Key metrics include the nasolabial angle and the cervicomental angle (neck-to-chin). A thorough analysis determines if the patient needs projection, vertical height, or lateral width. This data-driven approach prevents emotional or trend-based decision-making.
Modern consultations leverage technology to bridge the imagination gap. 3D imaging systems capture the patient’s face from multiple angles and reconstruct a digital avatar. This allows the practitioner to simulate the effect of adding volume to the cheeks and chin.
Digital mapping helps in quantifying the volume deficit. It allows the patient to see how projecting the chin will affect the appearance of their nose and neck.

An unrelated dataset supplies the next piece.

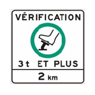 Le panneau « Aire de véification des freins » (P-231-1) indique au conducteur d’un véhicule routier dont la masse totale en charge est d’au moins 3000 kg de vérifier l’état des freins de son véhicule en effectuant un arrêt à l’endroit indiqué.

It serves as a visual contract between patient and provider regarding the target outcome.
The practitioner must touch and feel the face to assess tissue competence. They evaluate the thickness of the skin and the tightness of the ligaments. This tactile exam determines the tissues’ capacity to hold filler without appearing distorted.
“Skin turgor” and “snap back” are tested. If the skin is extremely lax, filler alone may not be enough to lift it. The practitioner also palpates the underlying bone to identify natural landmarks and potential irregularities, such as bone spurs or asymmetry.
The dynamic movement of the face is as important as the static structure. The practitioner asks the patient to smile, frown, and animate. They observe how the cheek fat pads move and how the chin dimples (mentalis strain).
Strong muscle pull can displace filler over time. If a patient has a hyperactive mentalis muscle, the practitioner may recommend pairing the filler with a neuromodulator (such as Botox) to relax the muscle and help the filler stay in place.
A comprehensive medical history is mandatory. The face is highly vascular, and safety is paramount. The practitioner screens for bleeding disorders or for anticoagulant use. Even common supplements like fish oil can increase the risk of bruising.
Active infections, such as dental abscesses or sinus infections, are strict contraindications. The lymphatic drainage of the face connects these areas, and injecting filler near an active infection can lead to biofilm formation on the implant.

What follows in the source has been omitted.